Australia’s S&P/ASX 200 Index added 0.9 percent to the highest level since August 2011. South Korea’s Kospi Index rose 0.1 percent and Hong Kong’s Hang Seng climbed 0.5 percent.
The MSCI Asia Pacific Index gained 7.9 percent this year through yesterday as policy makers boosted stimulus measures to counter a global economic slowdown and tame Europe’s debt crisis. The Asian benchmark trades at 12.9 times estimated earnings on average, compared with 13.9 times for the Standard & Poor’s 500 Index and 12 times for the Stoxx Europe 600 Index.

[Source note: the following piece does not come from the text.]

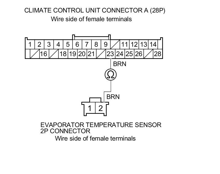 13. Check for continuity between climate control unit connector A (28P) terminal No. 23 and evaporator temperature sensor 2P connector terminal No. 2.

The National Stock Exchange of India said 59 erroneous orders were responsible for a plunge and halt in trading today, briefly erasing about $58 billion in value from the stock market. Trading in the S&P CNX Nifty Index and some individual companies halted at 9:49 a.m. local time for 15 minutes after the 50-stock measure plunged as much as 16 percent to 4,888.20.
Reliance Industries Ltd., owner of the world’s largest refining complex, and Housing Development Finance Corp., India’s biggest mortgage lender, both tumbled as much as 20 percent.
Asian exporters advanced. Brother Industries advanced 2.5 percent to 733 yen in Tokyo. Makita Corp., a Japanese power-tool maker that gets more than 40 percent of sales in Europe, climbed 1.5 percent to 3,085 yen.
ECB President Draghi said the central bank is ready to start buying government bonds of indebted euro nations as soon as the necessary conditions are fulfilled. The ECB yesterday kept its benchmark interest rate unchanged at a historic low of 0.75 percent.
Futures on the S&P 500 fell 0.1 percent today. The gauge advanced 0.7 percent yesterday after the Labor Department said applications for jobless benefits increased 4,000 to 367,000 last week. Economists forecast 370,000 claims, according to a Bloomberg survey. Orders placed with U.S. factories fell 5.2 percent in August, compared with a forecast for a 5.9 percent decline.
A U.S. Labor Department report today may show the world’s biggest economy created 115,000 jobs last month, while the unemployment rate rose to 8.2 percent from 8.1 percent, according to economists’ estimates. The Federal Reserve in September pledged to buy mortgage-backed securities until the U.S. labor market recovers.
BHP Billiton rose 1 percent to A$33.32 after gains in crude oil and metals prices help drive the biggest advance since Aug. 3 for the Standard & Poor’s GSCI Spot Index of 24 raw materials. Rio Tinto Group, the world’s third-largest mining company, advanced 1.8 percent to A$54.90.
Discovery Metals Ltd. soared 14 percent to A$1.655, a second day of gains, after a Chinese private equity firm yesterday offered A$830 million ($848 million) for control of the Australian copper producer in a push to secure access to overseas resources.
Among shares that fell, LG Display slumped 4.5 percent to 26,850 won in Seoul. Korea Investments downgraded the shares to hold from buy, saying TV and notebook panel prices may start falling in the fourth quarter.